Removing intermediate tensors/replacing to temporary variable

I am generating C code using tensor expression. Currently, a lot of intermediate tensors are generated along the way, and I want to know if I can use e.g., scalar temp variables instead.

Specifically, I am calculating Conv, then batch norm, then ReLU. For performance, I would want to essentially inline BN and Relu to the Conv loop (or Conv loop and BN loop to the Relu, or whatever to only have single loop). However, I cannot inline Conv loop into other loops because Conv loop contains reduce and TVM spits and error saying reductions are only allowed at the top of the loop. Thus, I currently inline the BN loop and use compute_at() to merge the Relu loop and conv loop. For example, I am doing something like this in my tensor expression code:

A = te.placeholer(...)
W = te.placeholder(...)
Conv = te.compute( ... my conv code from A, W)
BN = te.compute( .. BatchNorm using Conv ...)
Relu = te.compute ( .. Relu over BN)
s = te.create_schedule([Relu.op])
s[BN].compute_inline()
s[B].compute_at(s[Relu], Relu.op.axis[3])
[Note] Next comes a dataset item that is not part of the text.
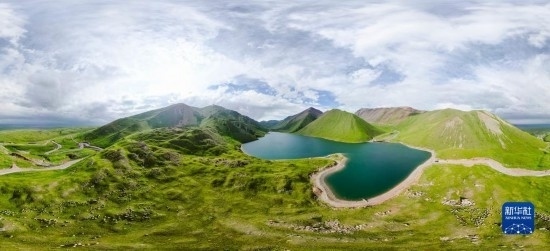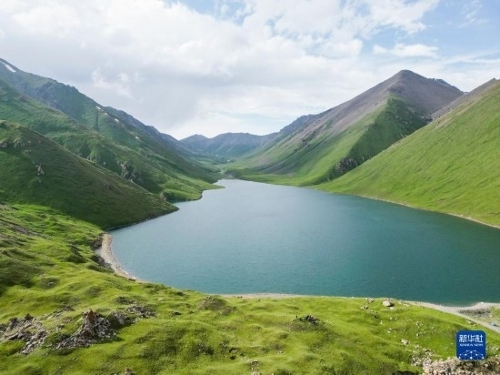 這是和靜縣一處高山湖泊景觀(7月5日攝,無(wú)人機(jī)全景照片)。

The generated C code looks something like this:

for(...)
  for(...)
    for(...)
    Conv[...] = 0;
    for (...)
      for (...)
        for (...)
          Conv[...] += A[...] * W[...]  // Conv loop
    Relu[...] = ReLU(BN(Conv[...])) 

However, I only need Relu[…] array results, so Conv[…] is better replaced by something like a scalar variable. I.e, I want this code to be:

for(...)
  for(...)
    for(...)
    tmp = 0;
    for (...)
      for (...)
        for (...)
          tmp += A[...] * W[...]  // Conv loop
    Relu[...] = ReLU(BN(tmp))

Is there a simple way to do this with te? The explanation seems a bit messy, so hope this makes sense.

Thank you!